Евгений Миронов. Родился в Саратове в 1967 году. Сыграл больше тридцати ролей в кино и театре ("Обыкновенная история", "Орестея", "Любовь", "Лимита", "Анкор, еще анкор!"). Фестивальных призов – немеряно.

"Дальше – только космос", – сказал Петер Штайн, увидев, как Женя Миронов стал играть Ореста после европейского турне "Орестеи".

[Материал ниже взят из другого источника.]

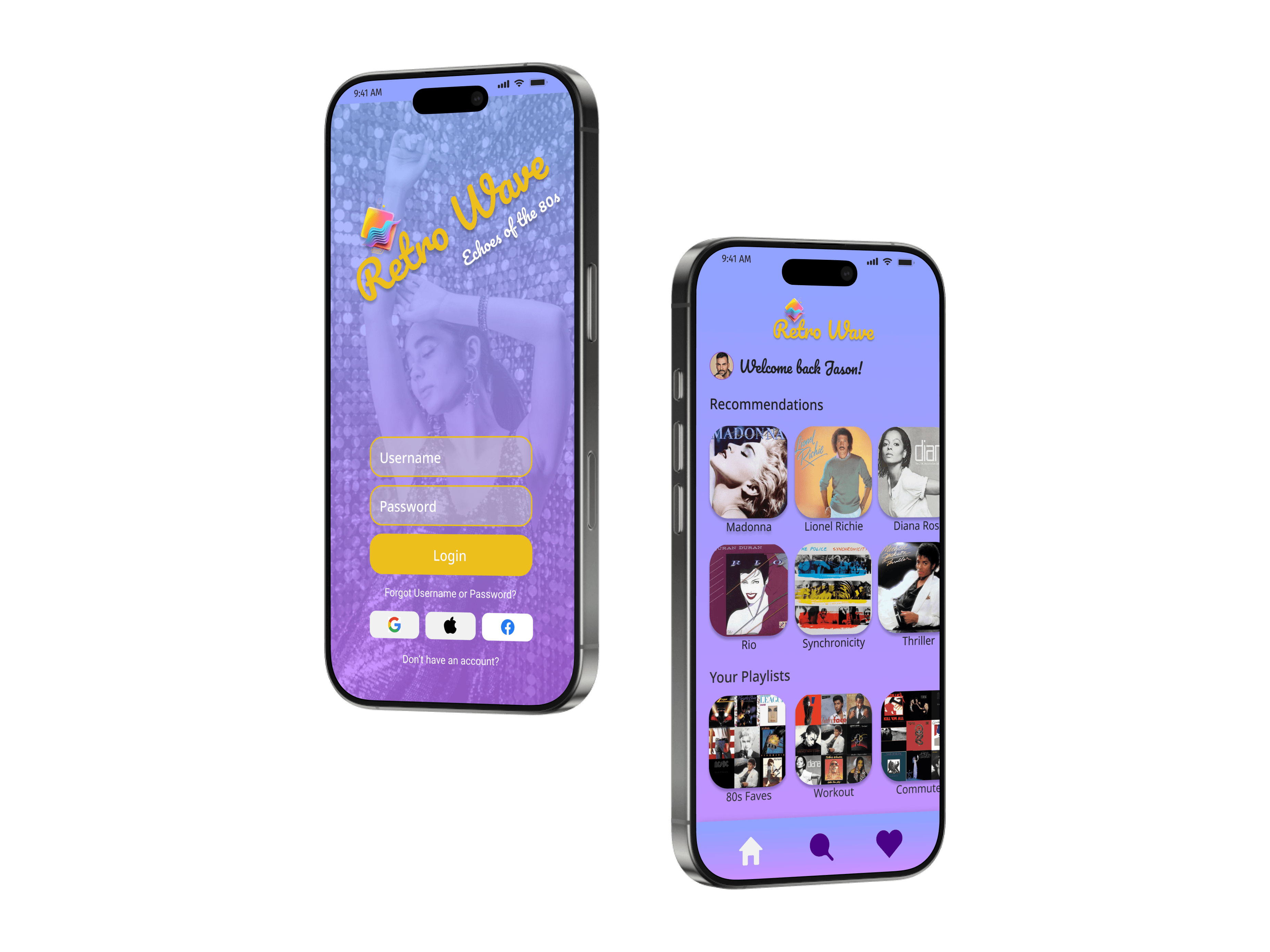 Users can browse, search, and play their favorite retro tracks while organizing personalized playlists.

На этом сходятся сейчас многие. Женю Миронова любят не только за его настоящее (надо сказать, для его возраста исключительное), но за будущее, которое в нем просматривается. Представить это будущее во всем его блеске невозможно, поскольку каждая новая работа Миронова вызывающе непохожа на предыдущую. Столь блестящей, стремительной и стопроцентно заслуженной актерской карьеры ни наше кино, ни театр не знали давно. Едва ли существует другой кандидат в этом (нашем!) поколении на роль актера номер один. "Любовь" с ее тотальным успехом еще можно было объяснить тем, что счастливо сошлись режиссер, амплуа, время, звезды и прочая. После "Лимиты" и "Мусульманина", "Анкора" и потрясающих работ в Театре-студии Табакова сомнения отпали. На Миронова ходят. На него смотрят, затаив дыхание. Это актер с редкостным магнетизмом, могучей энергетикой и перевоплощением столь полным (даже по ходу интервью из него вылезает то одна, то другая маска), что все разговоры об отсутствии у нас будущего выглядят детским лепетом. Будущее сидит напротив меня. Коллеги, берите интервью у Миронова, пока дает. Скоро будете ловить его в воздухе между Венецией и Каннами, перехватывать между съемками и спектаклями, вырывать за руку из кольца поклонниц


— Ты позавчера из Парижа?


— Да, играл "Орестею". Принимали потрясающе. Я сначала думал, они там на всех спектаклях такие сумасшедшие. Потом сходил сам на постановку одного знаменитого американца – нет, не всегда. Во-первых, они идут на Штайна, во-вторых, на русских, в-третьих, все-таки Эсхил.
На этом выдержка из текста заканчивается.